See: Share an Object with Others - Amazon S3
I work on a SaaS application where Creators can create Groups and invite others to their Group to share files, chat and so on. Only people within specific group should have access to this group's files.
People from other group must not have access to not their group's files.
And of course all files permission should be set to 'Private', i.e. they should not be searchable/visible/accessable by anonymous users of Internet since information in those files is for personal use only.
I am new to Amazon S3 and don't know how to achieve it... Should I create only 1 main bucket? Or create for each group a new Amazon Bucket?
It is not recommended to use AWS Identity and Access Management (IAM) for storing application users. Application users should be maintained in a separate database (or LDAP, Active directory, etc).

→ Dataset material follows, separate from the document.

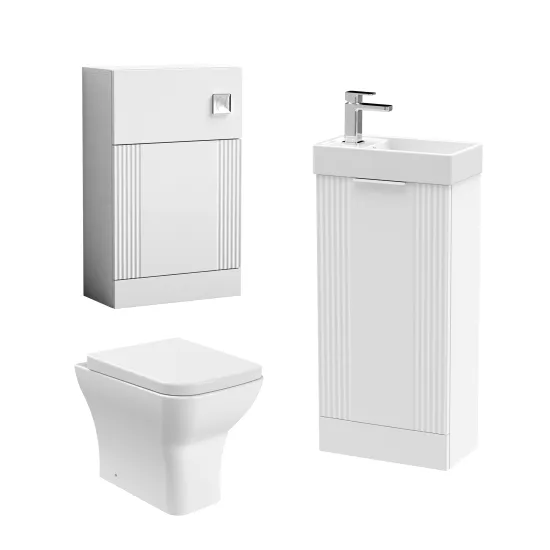 Contemporary part fluted art deco design features on both the vanity and WC unit

Therefore, creating "one bucket per group" is not feasible, since it is not possible to assign your applications users to permissions within Amazon S3.
The better method would be to manage permissions within your application. When a user requests access to a file, the application can determine whether they should be permitted access. If they are permitted, then the application can generate a Pre-Signed URL.
A Pre-Signed URL permits access to private objects stored on Amazon S3. It is a means of keeping objects secure, yet granting temporary access to a specific object.
When listing available files, your application would generate links that include the pre-signed URL. Then, when a user clicks the link, they can access the file. Then, after a certain time has expired (eg 10 minutes), the link will no longer function. So, if a user shares a link with somebody else, it will probably have timed-out.